▶ PROVIDED MATERIAL:

§ §

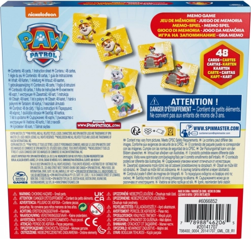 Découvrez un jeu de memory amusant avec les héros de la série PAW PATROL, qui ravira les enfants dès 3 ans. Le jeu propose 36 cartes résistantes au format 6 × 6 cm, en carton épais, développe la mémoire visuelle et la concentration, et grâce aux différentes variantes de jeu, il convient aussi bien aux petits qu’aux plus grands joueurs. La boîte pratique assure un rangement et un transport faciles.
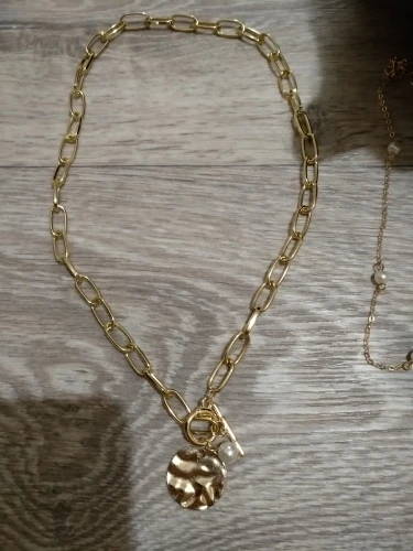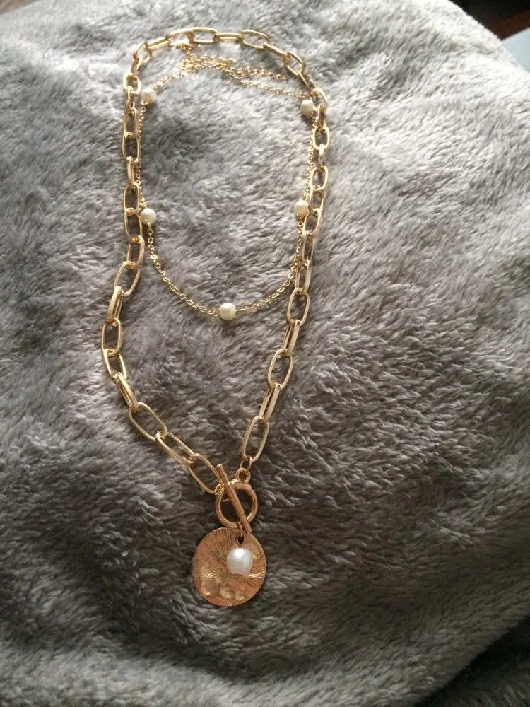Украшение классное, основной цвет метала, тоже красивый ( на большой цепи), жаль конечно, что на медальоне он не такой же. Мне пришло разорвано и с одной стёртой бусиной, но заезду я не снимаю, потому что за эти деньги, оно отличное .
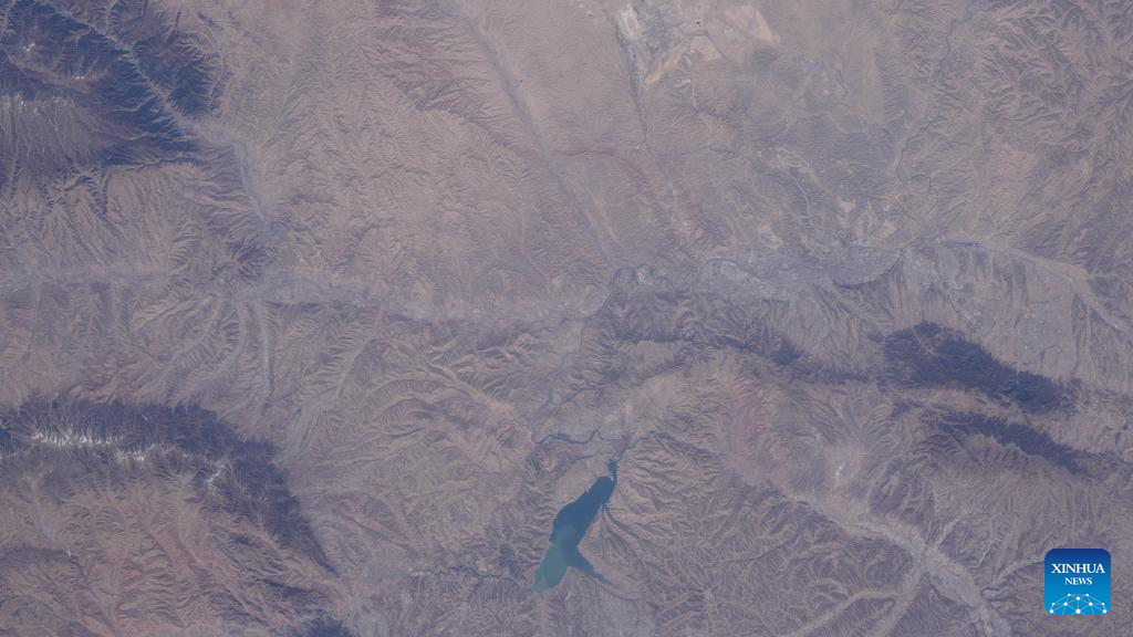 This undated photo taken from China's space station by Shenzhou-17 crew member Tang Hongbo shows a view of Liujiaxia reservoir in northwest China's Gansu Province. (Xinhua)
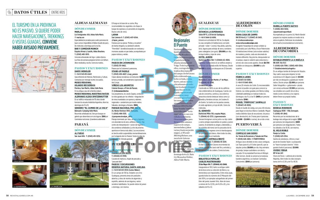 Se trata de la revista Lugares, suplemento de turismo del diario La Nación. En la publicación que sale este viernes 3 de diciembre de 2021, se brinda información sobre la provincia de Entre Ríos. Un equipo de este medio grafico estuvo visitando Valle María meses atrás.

§ §

▶ TRY IT:
Reprint the whole listing above exactly, taking out the pictures.

▶ OUTPUT FOR THIS TASK:
 Découvrez un jeu de memory amusant avec les héros de la série PAW PATROL, qui ravira les enfants dès 3 ans. Le jeu propose 36 cartes résistantes au format 6 × 6 cm, en carton épais, développe la mémoire visuelle et la concentration, et grâce aux différentes variantes de jeu, il convient aussi bien aux petits qu’aux plus grands joueurs. La boîte pratique assure un rangement et un transport faciles.
Украшение классное, основной цвет метала, тоже красивый ( на большой цепи), жаль конечно, что на медальоне он не такой же. Мне пришло разорвано и с одной стёртой бусиной, но заезду я не снимаю, потому что за эти деньги, оно отличное .
 This undated photo taken from China's space station by Shenzhou-17 crew member Tang Hongbo shows a view of Liujiaxia reservoir in northwest China's Gansu Province. (Xinhua)
 Se trata de la revista Lugares, suplemento de turismo del diario La Nación. En la publicación que sale este viernes 3 de diciembre de 2021, se brinda información sobre la provincia de Entre Ríos. Un equipo de este medio grafico estuvo visitando Valle María meses atrás.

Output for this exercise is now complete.